Recently, Jamie Todd Rubin posted about how he tracks his writing progress with Evernote and a Google spreadsheet. (If you’re interested in using his method, Margaret McGaffey Fisk has an Excel spreadsheet available for download.)
I have a similar spreadsheet that I (used to) use for novel first drafts. But for over a year now, I’ve been tracking my writing in Bento. This is the same program that I use to keep a list of projects and track my submissions, and it’s convenient to have it all in one place.
Bento is a slightly simplified database program–you can’t directly hook things together (so I have to manually tell it to associate a “submission” entry to a “project” entry, but this is very easy to do).
I’ve mostly been tracking time spent, rather than word count, so that I can include planning and revision time as well. I only added a word count column and a “wrote new words today” checkbox a couple months ago, because I’d like to be producing more new stuff.
My column setup is:
Date, Project (the name of a novel, “Short Stories”, or “None” for critting or writing classes), Task (writing, revising, critting, etc), Duration (in minutes), Notes (where I type in what story I worked on, or whatever else I feel like noting), Word count (duh), New words (checked if I created new stuff, unchecked if I didn’t).
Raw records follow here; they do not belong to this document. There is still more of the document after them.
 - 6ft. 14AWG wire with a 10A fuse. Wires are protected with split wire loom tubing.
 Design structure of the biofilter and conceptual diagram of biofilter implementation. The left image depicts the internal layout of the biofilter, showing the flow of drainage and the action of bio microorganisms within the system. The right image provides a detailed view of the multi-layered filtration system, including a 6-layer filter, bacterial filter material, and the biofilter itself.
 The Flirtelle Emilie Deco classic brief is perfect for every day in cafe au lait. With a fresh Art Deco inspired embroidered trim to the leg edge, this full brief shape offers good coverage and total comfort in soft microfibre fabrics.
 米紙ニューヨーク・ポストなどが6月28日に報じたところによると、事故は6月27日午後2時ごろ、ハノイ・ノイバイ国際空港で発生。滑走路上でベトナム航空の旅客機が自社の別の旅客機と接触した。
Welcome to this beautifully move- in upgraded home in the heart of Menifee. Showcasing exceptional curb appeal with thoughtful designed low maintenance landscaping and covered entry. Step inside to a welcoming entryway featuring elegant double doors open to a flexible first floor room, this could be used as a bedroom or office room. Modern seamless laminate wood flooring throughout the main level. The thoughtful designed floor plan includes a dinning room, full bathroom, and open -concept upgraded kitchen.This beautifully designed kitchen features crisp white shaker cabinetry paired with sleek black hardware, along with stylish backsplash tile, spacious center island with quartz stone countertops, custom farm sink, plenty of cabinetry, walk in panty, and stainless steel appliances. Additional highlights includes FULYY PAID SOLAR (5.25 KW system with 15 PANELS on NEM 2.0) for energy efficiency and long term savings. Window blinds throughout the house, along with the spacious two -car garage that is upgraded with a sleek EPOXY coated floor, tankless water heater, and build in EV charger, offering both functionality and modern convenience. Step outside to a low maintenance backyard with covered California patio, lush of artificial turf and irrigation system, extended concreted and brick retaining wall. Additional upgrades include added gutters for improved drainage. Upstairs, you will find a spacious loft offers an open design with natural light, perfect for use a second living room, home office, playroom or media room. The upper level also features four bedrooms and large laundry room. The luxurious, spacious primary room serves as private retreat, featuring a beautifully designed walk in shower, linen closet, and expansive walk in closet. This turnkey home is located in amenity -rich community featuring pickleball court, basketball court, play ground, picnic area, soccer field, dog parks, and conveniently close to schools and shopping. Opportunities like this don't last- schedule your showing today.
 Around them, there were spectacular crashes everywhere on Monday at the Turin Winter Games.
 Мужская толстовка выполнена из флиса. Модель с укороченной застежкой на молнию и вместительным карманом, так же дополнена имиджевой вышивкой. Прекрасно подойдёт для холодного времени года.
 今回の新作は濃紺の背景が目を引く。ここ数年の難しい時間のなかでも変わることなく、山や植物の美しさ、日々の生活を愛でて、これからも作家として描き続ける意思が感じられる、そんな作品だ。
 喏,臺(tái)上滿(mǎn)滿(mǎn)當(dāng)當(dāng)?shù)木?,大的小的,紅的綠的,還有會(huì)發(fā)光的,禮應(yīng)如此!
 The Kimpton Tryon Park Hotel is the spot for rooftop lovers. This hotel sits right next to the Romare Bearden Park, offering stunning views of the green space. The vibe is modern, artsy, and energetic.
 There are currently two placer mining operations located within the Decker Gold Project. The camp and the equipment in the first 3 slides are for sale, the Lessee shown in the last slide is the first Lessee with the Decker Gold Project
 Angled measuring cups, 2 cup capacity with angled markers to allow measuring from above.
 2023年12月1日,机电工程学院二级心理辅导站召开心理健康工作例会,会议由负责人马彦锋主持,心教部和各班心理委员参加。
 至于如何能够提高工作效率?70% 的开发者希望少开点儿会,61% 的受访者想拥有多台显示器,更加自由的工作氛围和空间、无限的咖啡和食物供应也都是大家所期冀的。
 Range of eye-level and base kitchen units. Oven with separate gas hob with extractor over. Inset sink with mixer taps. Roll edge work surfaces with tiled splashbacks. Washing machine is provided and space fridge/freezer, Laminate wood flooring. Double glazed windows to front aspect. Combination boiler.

For the most part I don’t actually look at the data much. I can do basic searches to figure out how many hours I spent on X project in December, or how many hours Y short story took. The latter is something that’s becoming useful to know for planning purposes, though it doesn’t account for fermenting time.
I’m working on a project in Mathematica that will let me do a bunch more analysis and make pretty charts, but it’s been going in fits and starts. To be honest it’s more of a learn-Mathematica project than a improve-writing-productivity project (which I want to do because, and here is the disclaimer, I work for the company that makes it). I’ve nearly duplicated the functionality I’ve been getting from Bento’s search results.
For the next novel first draft, I will probably just type word counts into Bento and use Scrivener’s session targets instead of going back to my Excel spreadsheet. One less thing to mess with.